Data excerpts
►

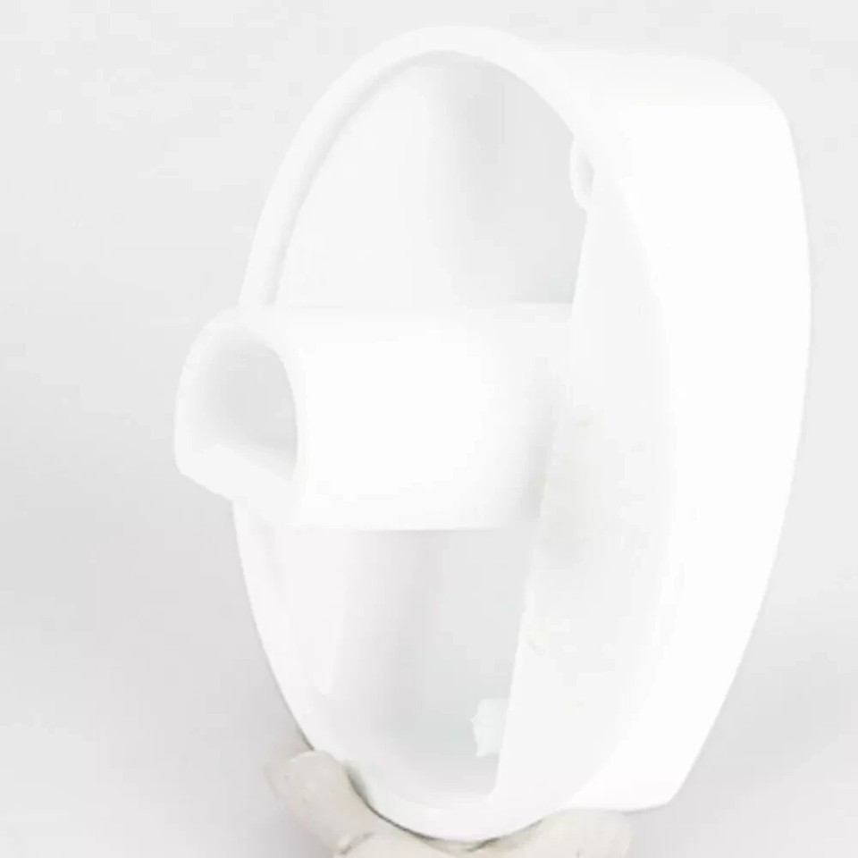 This gas valve knob is an inch and a half in diameter. It is white in color and is made entirely of plastic. This knob has a gray triangle shaped indicator, and it will accept a 'D' shaped shaft.
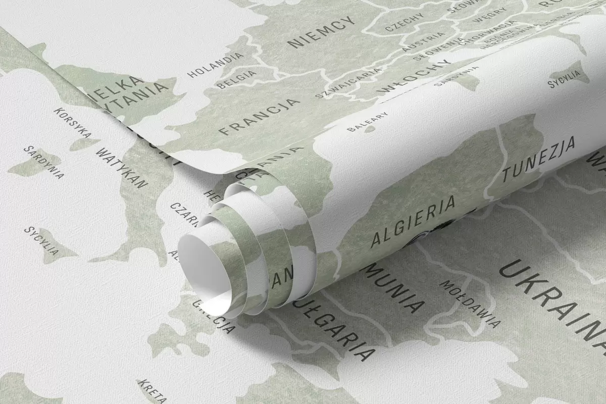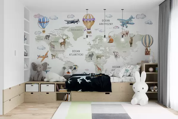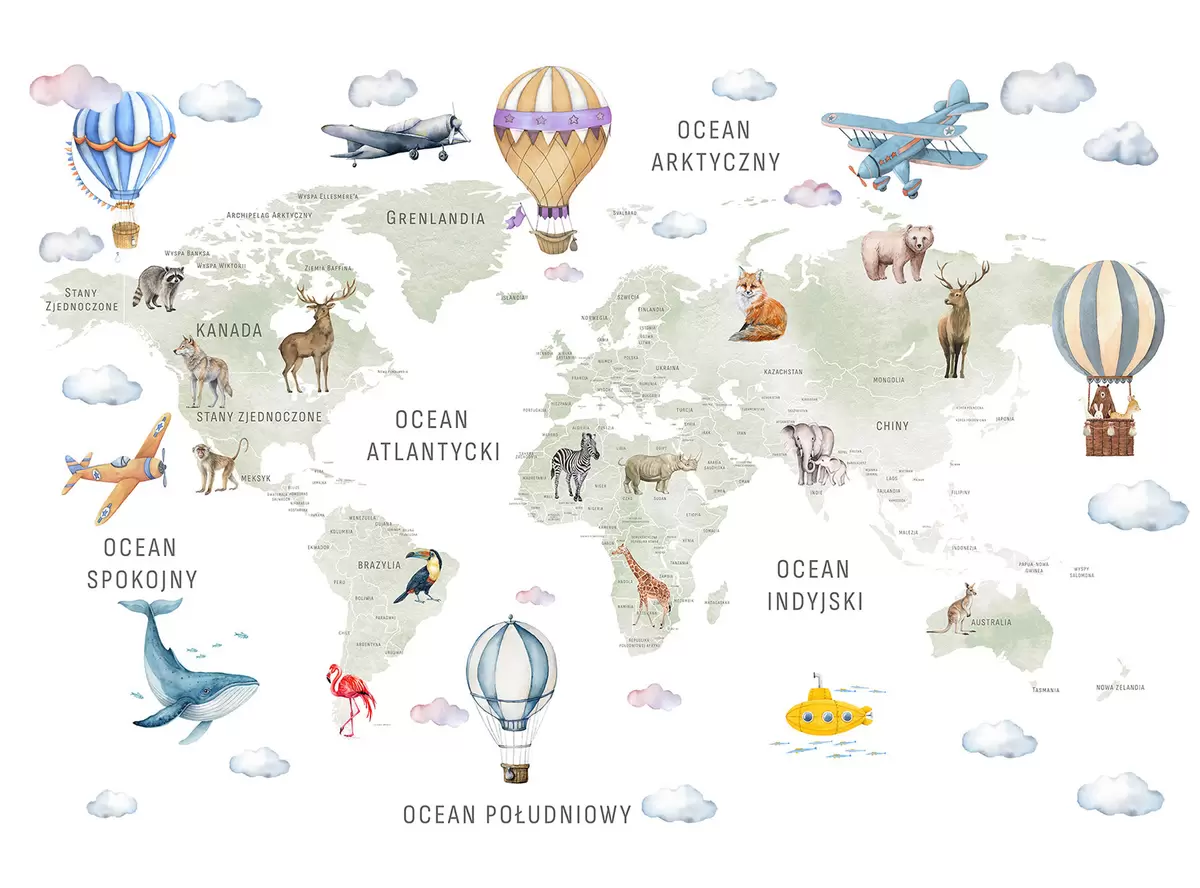 Fototapety Detská mapa v akvarelovom štýle so zvieratkami a teplovzdušnými balónmi. Poľský jazyk. Zelená farba. Nr. c00001pl
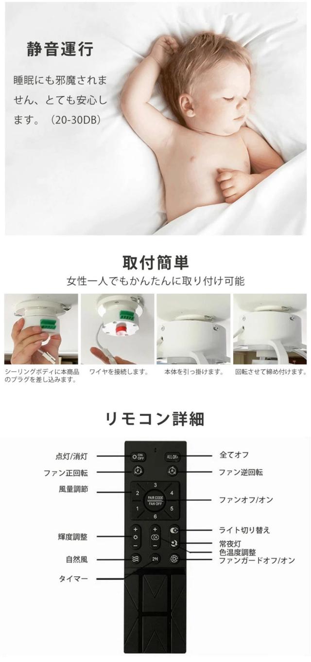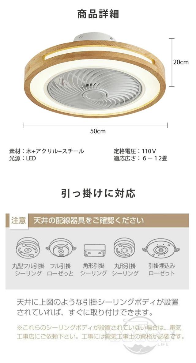 | ご注意 | ご購入前に天井の配線器具の確認をしてください。配線器具により取付け方が異なります。必ず天井の強度をご確認ください。 ●取付けアタッチメント:引掛埋込ローゼット、角型引掛シーリングボディなど ※引掛けが異なり、またフックも何センチの厚みがあり、シーリングのフックと配線器具の間に隙間が出る場合がございます。 ※適切な羽の高さ:床から220〜250cm ※リモコン付き(単4電池×2個必要※電池は付属していません) |
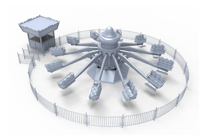 彈跳機(jī)中軸為中心帶動周圍十二個座艙繞豎直中軸旋轉(zhuǎn),同時座艙伴隨著音樂進(jìn)行高低、快慢不同的跳躍式運(yùn)動。使乘客在游玩過程中體驗到旋轉(zhuǎn)加跳躍的樂趣。
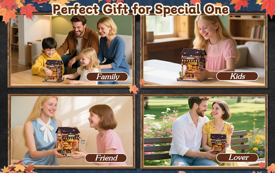 CUTEBEE DIY Book Nook Kit Miniature Dollhouse with Light Wooden Bookshelf Insert Retro Booknook Christmas Birthday Party Gift
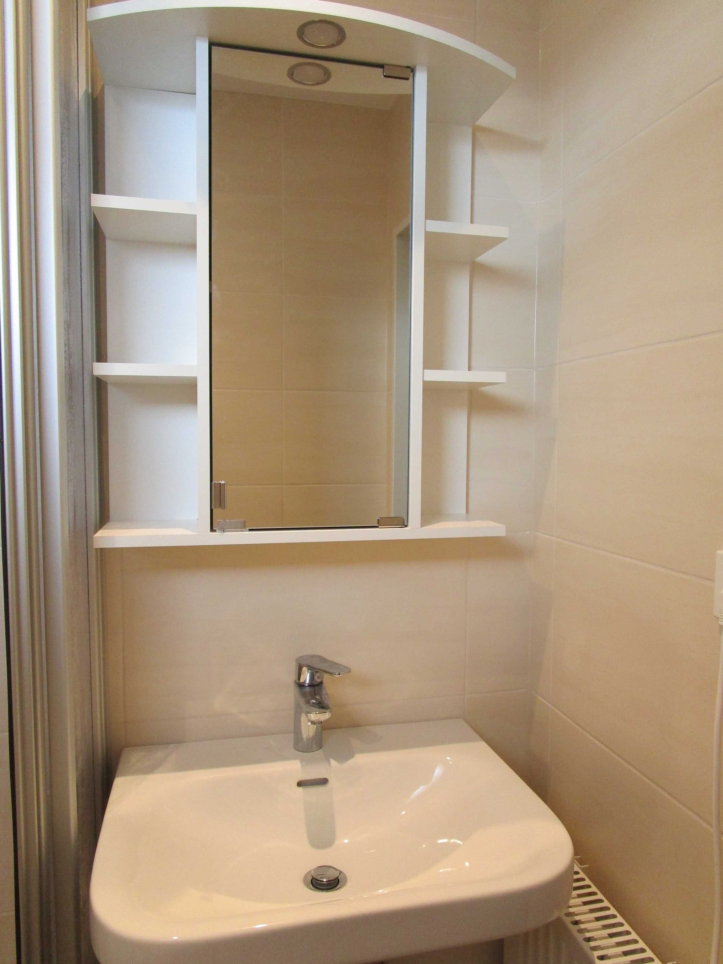 Eine Waschmaschine ist ebenso vorhanden wie ein Kinderstuhl.
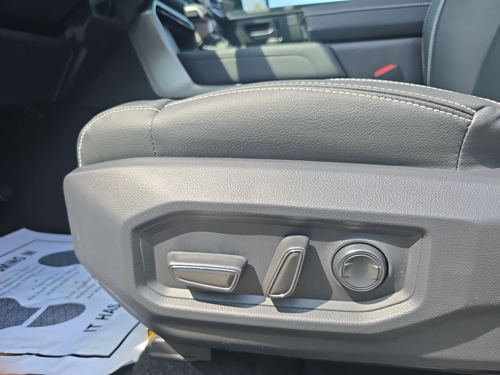- Leather-trimmed seats with contrast stitching; 8-way power-adjustable driver and front passenger seats with power-adjustable lumbar support
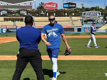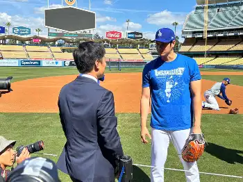 日本ハム時代の先輩でNHKの解説者として現地を訪れている田中賢介氏と旧交を温める大谷 Photo by スポニチ 大谷&ドジャースナインが「ドラゴンボール」Tシャツで練習参加!胸には「… ギャラリーで見る この記事のフォト 2024年03月30日の画像一覧 もっと見る 2024年03月30日の画像をもっと見る

◄

-- WHAT IS NEEDED --
The records above need to be reproduced exactly, with all images omitted.

-- EXERCISE RESPONSE --
 This gas valve knob is an inch and a half in diameter. It is white in color and is made entirely of plastic. This knob has a gray triangle shaped indicator, and it will accept a 'D' shaped shaft.
 Fototapety Detská mapa v akvarelovom štýle so zvieratkami a teplovzdušnými balónmi. Poľský jazyk. Zelená farba. Nr. c00001pl
 | ご注意 | ご購入前に天井の配線器具の確認をしてください。配線器具により取付け方が異なります。必ず天井の強度をご確認ください。 ●取付けアタッチメント:引掛埋込ローゼット、角型引掛シーリングボディなど ※引掛けが異なり、またフックも何センチの厚みがあり、シーリングのフックと配線器具の間に隙間が出る場合がございます。 ※適切な羽の高さ:床から220〜250cm ※リモコン付き(単4電池×2個必要※電池は付属していません) |
 彈跳機(jī)中軸為中心帶動周圍十二個座艙繞豎直中軸旋轉(zhuǎn),同時座艙伴隨著音樂進(jìn)行高低、快慢不同的跳躍式運(yùn)動。使乘客在游玩過程中體驗到旋轉(zhuǎn)加跳躍的樂趣。
 CUTEBEE DIY Book Nook Kit Miniature Dollhouse with Light Wooden Bookshelf Insert Retro Booknook Christmas Birthday Party Gift
 Eine Waschmaschine ist ebenso vorhanden wie ein Kinderstuhl.
- Leather-trimmed seats with contrast stitching; 8-way power-adjustable driver and front passenger seats with power-adjustable lumbar support
 日本ハム時代の先輩でNHKの解説者として現地を訪れている田中賢介氏と旧交を温める大谷 Photo by スポニチ 大谷&ドジャースナインが「ドラゴンボール」Tシャツで練習参加!胸には「… ギャラリーで見る この記事のフォト 2024年03月30日の画像一覧 もっと見る 2024年03月30日の画像をもっと見る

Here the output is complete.